Composantes multifactorielles. Devant l'absence d’étiologie infectieuse et d'éléments objectifs pour expliquer l'importance des symptômes, il apparaît difficile d'envisager une étiologie exclusivement organique. D'autant plus que la fatigue et les multiples symptômes somatiques dans le SFC s'avèrent des critères diagnostiques pour plusieurs désordres psychiatriques. Le modèle le plus accepté actuellement serait qu'un ensemble de composantes multifactorielles soit à l'origine du syndrome de fatigue chronique. L'association des facteurs prédisposants, déclenchants, perpétuants et exacerbants chez certains individus serait donc une des théories les plus plausibles pour comprendre les manifestations cliniques du SFC.

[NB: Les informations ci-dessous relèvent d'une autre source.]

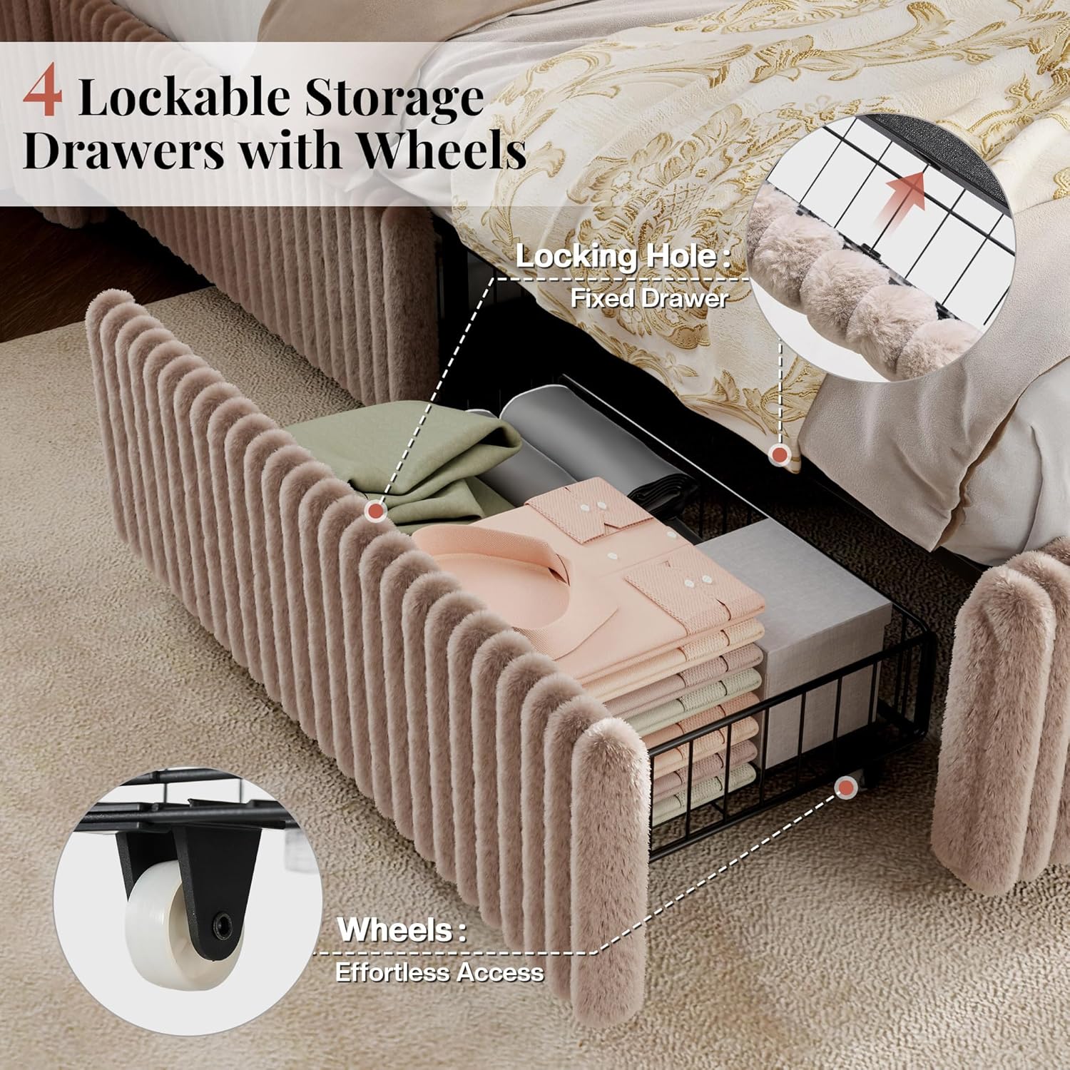 - Number & Size of Drawers: Four large under-bed drawers; each approx. 30″ W x 16″ D x 9″ H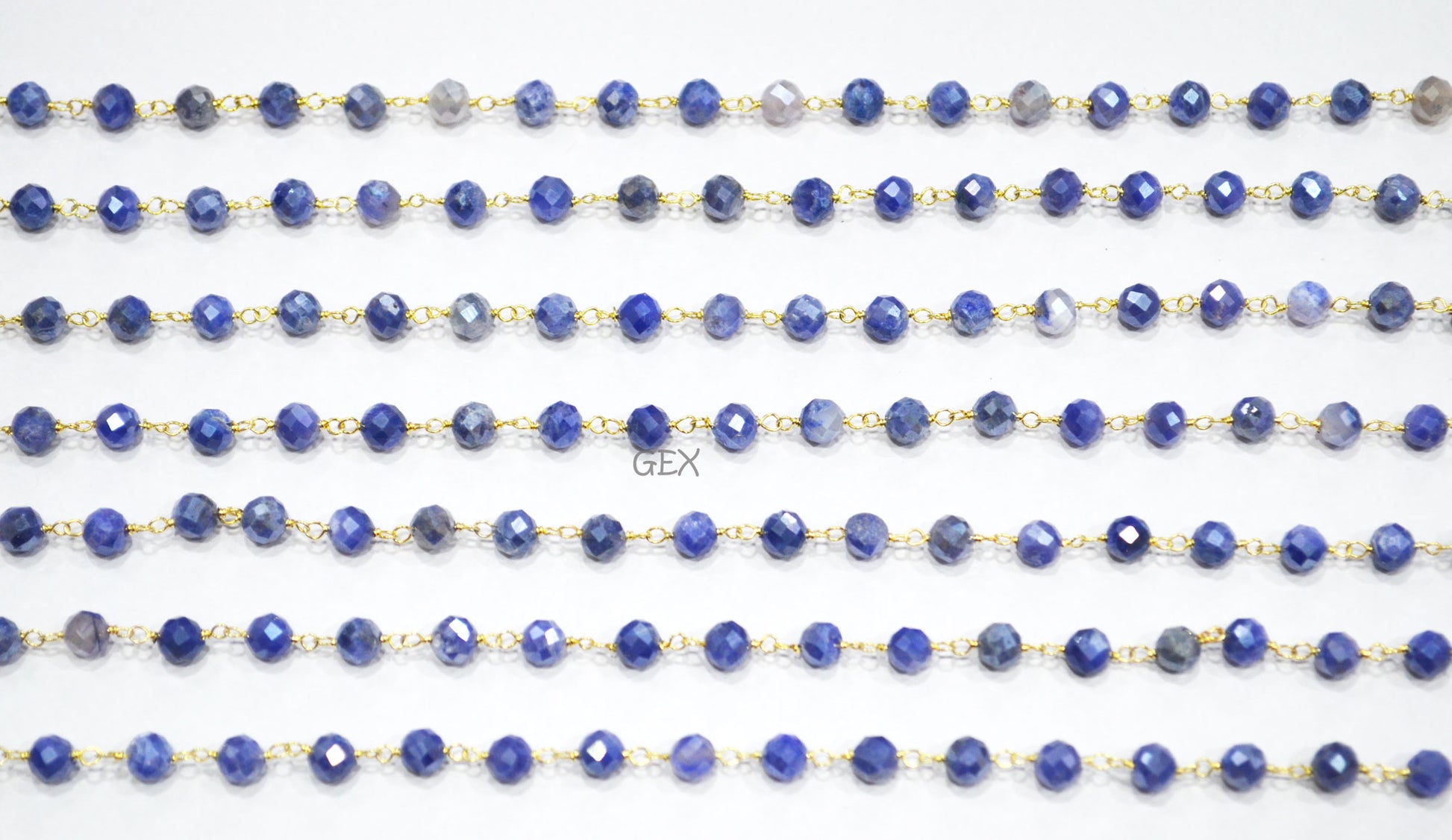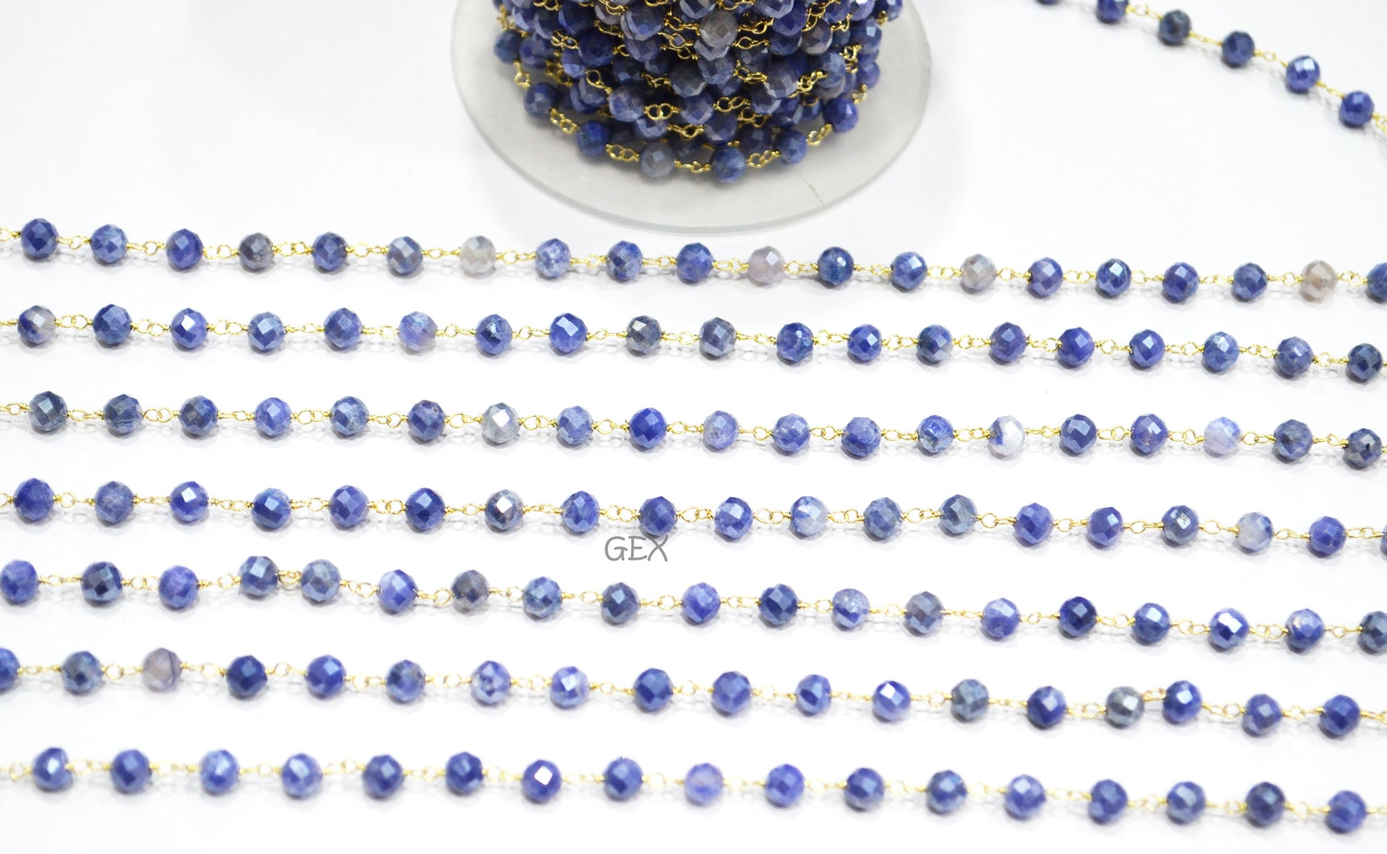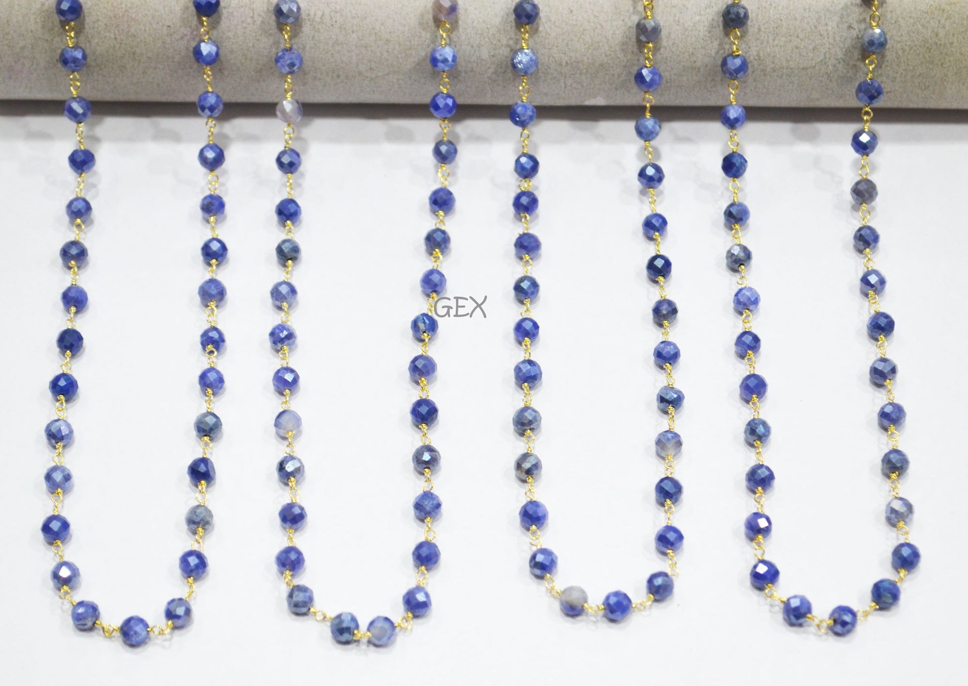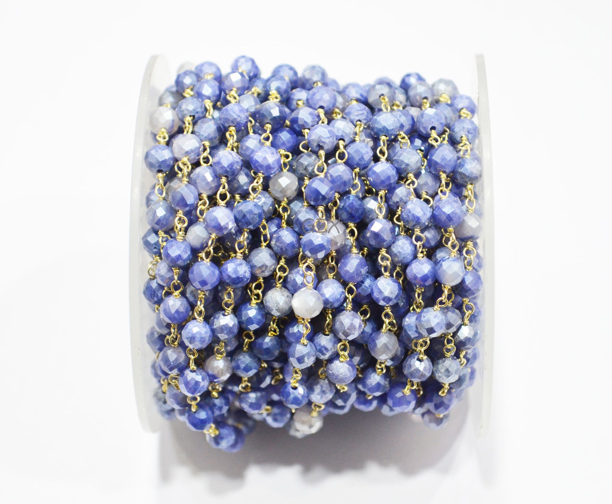 Sapphire Colored Moonstone Faceted Round Shape Rosary Beaded Chain , Sapphire Colored Moonstone Wire Wrapped Chain , 5 mm , RB-7185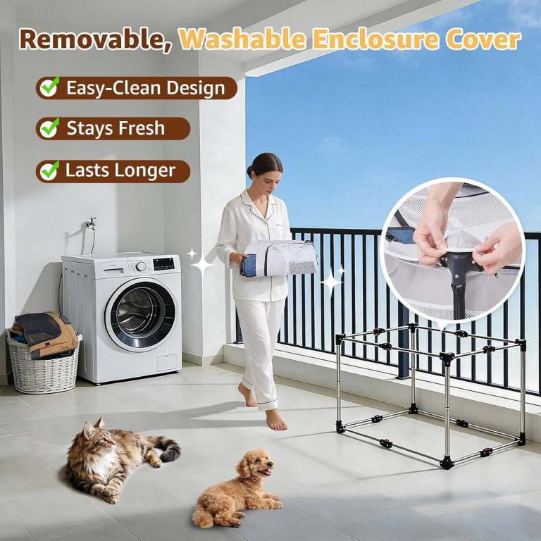 Steel Frame Dog Playpen, Foldable & Washable Puppy Play Pen for Small Medium Dogs Indoors Outdoor, Heavy Duty Dog Cage with Removable Sturdy 690D Cover, Portable Dog Cage for Puppies & Cat, 81x61x56cm

Diagnostic différentiel et investigation de base

Il est très important de souligner qu'il n'existe aucun test biologique spécifique pour diagnostiquer le SFC. Aucune anomalie spécifique au niveau des paramètres biologiques n’a été détectée. Initialement, certaines analyses de base sont requises : formule sanguine complète; vitesse de sédimentation; glycémie; créatinine sérique; alanine aminotransférase (ALT); électrolytes (Na, K); protéines totales, albumines et globulines; calcium et phosphore sériques; urine; bilan thyroïdien (TSH).

Traitement

L'approche thérapeutique repose sur l'établissement d'une bonne alliance thérapeutique. Après avoir établi son diagnostic, le clinicien doit transmettre l'information pertinente au malade, et le rassurer. Puisqu'il n'existe pas de traitement spécifique à visée curative pour le SFC, le rôle du médecin consiste à soutenir le patient dans sa démarche vers la reprise graduelle de ses activités dans toutes les sphères de la vie quotidienne. Par ailleurs, le médecin doit se garder de douter de la véracité des symptômes que présente le patient. Pour bien le soutenir, le médecin doit prêter une oreille attentive aux plaintes qu'il exprime tout en insistant sur l'importance de la mobilisation en dépit de la présence des symptômes présentés. Dans son rôle de soutien, le médecin ne doit pas viser la résolution des symptômes, mais plutôt l'adaptation des habitudes de vie à la condition présentée par le patient.

Même s'il n'existe pas de traitement spécifique pour le SFC, il est possible d'envisager un traitement symptomatique ciblant les symptômes suivants; la douleur musculaire (anti-dépresseurs tricycliques, relaxants); les troubles du sommeil; les symptômes affectifs. Tous les cas nécessitent une approche pragmatique à la pharmacothérapie (dosage progressif, évaluation de toutes médications prises, monitoring des résultats, essai sur période suffisante, entente sur les objectifs poursuivis, etc.).

Conclusion

La majorité des adolescents qui présentent un fatigue persistante accompagnée ou non de d’autres symptômes ne souffrent pas du syndrome de fatigue chronique. Ce diagnostic doit être réservée à une minorité d’adolescents qui présentent les critères du syndrome et ont fait l’objet d’un évaluation globale rigoureuse.